Apakah makna dari firman Allah di dalam al-Qur’an, wa qaliilan min `ibadi asy-syakur (‘Hanya sedikit di antara hamba-hamba-Ku yang bersyukur’) [34:13]? Hamba yang sungguh ‘bersyukur’ adalah orang yang dapat melihat Sang Pemberi Nikmat kepada manusia.
Apakah makna dari ayat, f’a`rid `an man tawalla `an dzikrinaa (‘Dan tinggalkanlah orang yang berpaling dari Mengingat Kami‘) [53:29]? Itu menunjukkan bahwa bagi orang yang melakukan kontemplasi mendalam terhadap Hadirat Ilahiah Kami, dan telah mencapai maqam tidak melihat apa-apa kecuali Kami, maka tidak perlu lagi tindakan mengingat itu. Jika ia berada dalam maqam penglihatan sepenuhnya, jangan memerintahkannya untuk melafalkan zikir karena itu mungkin akan menyebabkan kedinginan di dalam kalbunya. Ketika ia sepenuhnya sibuk dengan maqam musyahadah, segala sesuatu yang lain merupakan gangguan dan dapat mengganggu maqam tersebut.
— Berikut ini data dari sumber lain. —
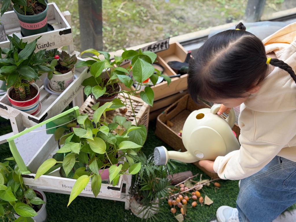 教师可以提供放大镜、透明托盘等工具,引导韵韵观察不同植物叶片(如多肉、薄荷)的触感与水珠停留状态,丰富不同联想,丰富感官体验与联想维度;在自然角设置 “植物小观察” 分享角,鼓励韵韵向同伴讲述“水珠滑滑梯”的发现,提升语言表达与分享意愿;投放彩色卡纸、小绒球等材料,支持韵韵用粘贴、绘画结合的方式,将“水珠玩滑滑梯”的场景表现得更丰富,进一步激发艺术创造兴趣。

Muhyiddin Ibn `Arabi (q) berkata, mengenai hal ini, ‘Dengan zikrullah, Mengingat Allah, dosa-dosa meningkat, dan penglihatan dan kalbu akan terhijab. Meninggalkan zikir adalah keadaan yang lebih baik karena matahari tidak pernah terbenam.’ Apa yang beliau maksudkan di sini adalah bahwa ketika seorang Arif berada di Hadirat Ilahi dan dalam keadaan Penglihatan Mutlak terhadap Keesaan Allah, pada saat itu segala sesuatu fana fillaah. Baginya zikir menjadi sesuatu yang dapat mengganggu. Seorang Arif hadir dalam Eksistensi-Nya. Ia berada dalam keadaan Fana dalam Hadratillah, sedangkan dalam zikrullah ia berada dalam keadaan absen, yaitu perlu mengingatkan dirinya sendiri bahwa ada Allah di sana.
Apakah makna dari ayat, kunu ma`a-sh-shadiqiin (‘Bersamalah dengan orang-orang yang benar’) [9:119]? Ini artinya menjaga pertemanan baik secara fisik maupun spiritual. Seorang salik dapat duduk dalam suatu majelis bersama para shadiqin, melihat sosok mereka, mendengar mereka dan Allah akan menerangi kalbu mereka dan akan mengajari mereka agar menjadi seperti para shadiqin itu. Untuk menjaga hubungan secara spiritual dengan para shadiqin, seorang salik harus mengarahkan kalbunya menuju kalbu spiritual mereka. Seorang salik harus menjaga hubungan itu dalam kalbunya hingga mereka dapat merefleksikan semua rahasia mereka dan maqam-maqam mereka kepadanya. Ia tidak boleh memalingkan wajahnya kepada yang lain di dunia ini kecuali kepada gurunya yang akan membawanya ke Hadratillah.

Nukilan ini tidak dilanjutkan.